Data extract Start Marker

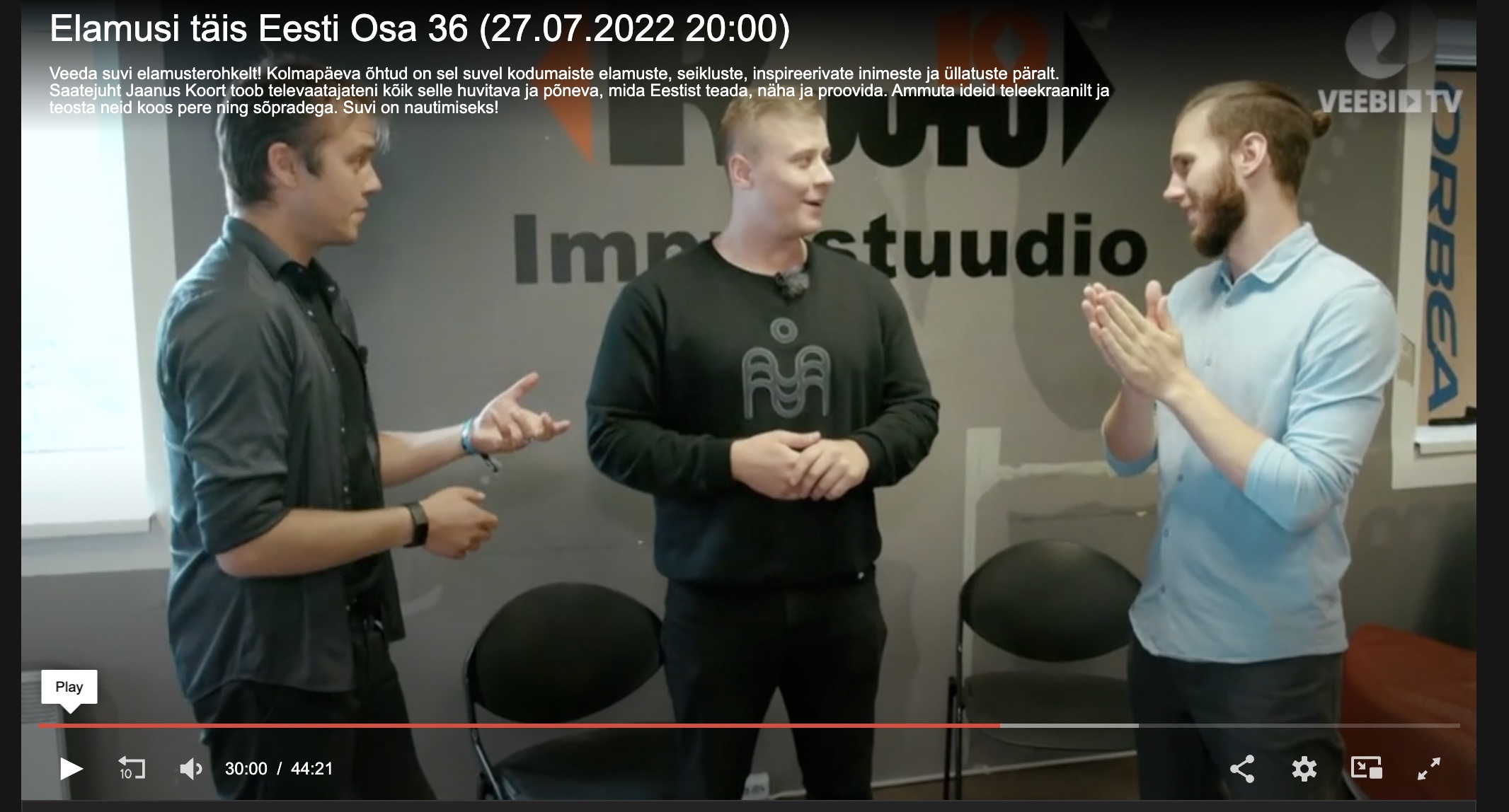 Improteater Impeerium tähistab kümnendat hooaega, hiljuti naasis trupp kahenädalaselt väljasõidult Kanada ja Ameerika Ühendriikidesse, kus osaleti komöödia teatrifestivalil FunniEST ning anti etendusi väliseesti kogukondadele Floridas ja New Yorgis. Stuudios on näitlejad Tarvo Krall ja Rauno Kaibiainen. loe edasi
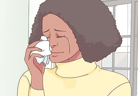 Don't be afraid to mourn. The death of a loved one is a painful, sometimes sudden occurrence that is part of life. Instead of pretending that the death never happened, acknowledge that a person you loved died, and remind yourself that life is too precious to take for granted. Mourning is a tribute to the loved one as much as it is a tribute to life. If you are religious, take solace in the teachings of your religion. Religious texts offer inspiration to believers the world over. Read about what your religion has to say about death — you might learn something you didn't know before. If you are part of a community of believers, pray and worship with them. Don't be afraid to lean on them in times of need; that's what they're there for. Cry as much as you need to. Don't feel like there's a certain way you need to behave in front of other people. You should behave the way you feel: if you feel sad, then cry. Crying makes most people feel better than they did before crying. Have a shoulder to lean on when you cry, because crying along can make you feel like you're all alone in the world, which you aren't. There are plenty of people out there who not only know what you are going through, but who love you for who you are. Public death rituals, like funerals, are important. However you choose to memorialize the death of your loved one, remember that the ritual of letting go is an important one. Rituals help us intellectually acknowledge the death of an individual, even though we might have denied this fact in our minds in the days leading up to the funeral. The public ceremony helps memorialize the deceased person, and puts us on the path of healing.
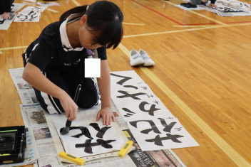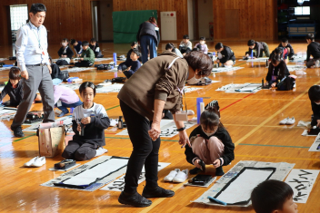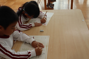 3年生は、まずは、必要な道具の置き方や墨のつけ方など、基本的なことを教えていただきましたsmileyそしていよいよ書き始めます最初、いつもの細い筆と違う大きな筆に、戸惑う姿も見られましたが、少しずつ筆に慣れていき、どんどん文字を書いていきました

Data extract End Marker

Work required:
Pictures are not part of the copy. Please reproduce the material word for word.

Result of this exercise:
 Improteater Impeerium tähistab kümnendat hooaega, hiljuti naasis trupp kahenädalaselt väljasõidult Kanada ja Ameerika Ühendriikidesse, kus osaleti komöödia teatrifestivalil FunniEST ning anti etendusi väliseesti kogukondadele Floridas ja New Yorgis. Stuudios on näitlejad Tarvo Krall ja Rauno Kaibiainen. loe edasi
 Don't be afraid to mourn. The death of a loved one is a painful, sometimes sudden occurrence that is part of life. Instead of pretending that the death never happened, acknowledge that a person you loved died, and remind yourself that life is too precious to take for granted. Mourning is a tribute to the loved one as much as it is a tribute to life. If you are religious, take solace in the teachings of your religion. Religious texts offer inspiration to believers the world over. Read about what your religion has to say about death — you might learn something you didn't know before. If you are part of a community of believers, pray and worship with them. Don't be afraid to lean on them in times of need; that's what they're there for. Cry as much as you need to. Don't feel like there's a certain way you need to behave in front of other people. You should behave the way you feel: if you feel sad, then cry. Crying makes most people feel better than they did before crying. Have a shoulder to lean on when you cry, because crying along can make you feel like you're all alone in the world, which you aren't. There are plenty of people out there who not only know what you are going through, but who love you for who you are. Public death rituals, like funerals, are important. However you choose to memorialize the death of your loved one, remember that the ritual of letting go is an important one. Rituals help us intellectually acknowledge the death of an individual, even though we might have denied this fact in our minds in the days leading up to the funeral. The public ceremony helps memorialize the deceased person, and puts us on the path of healing.
 3年生は、まずは、必要な道具の置き方や墨のつけ方など、基本的なことを教えていただきましたsmileyそしていよいよ書き始めます最初、いつもの細い筆と違う大きな筆に、戸惑う姿も見られましたが、少しずつ筆に慣れていき、どんどん文字を書いていきました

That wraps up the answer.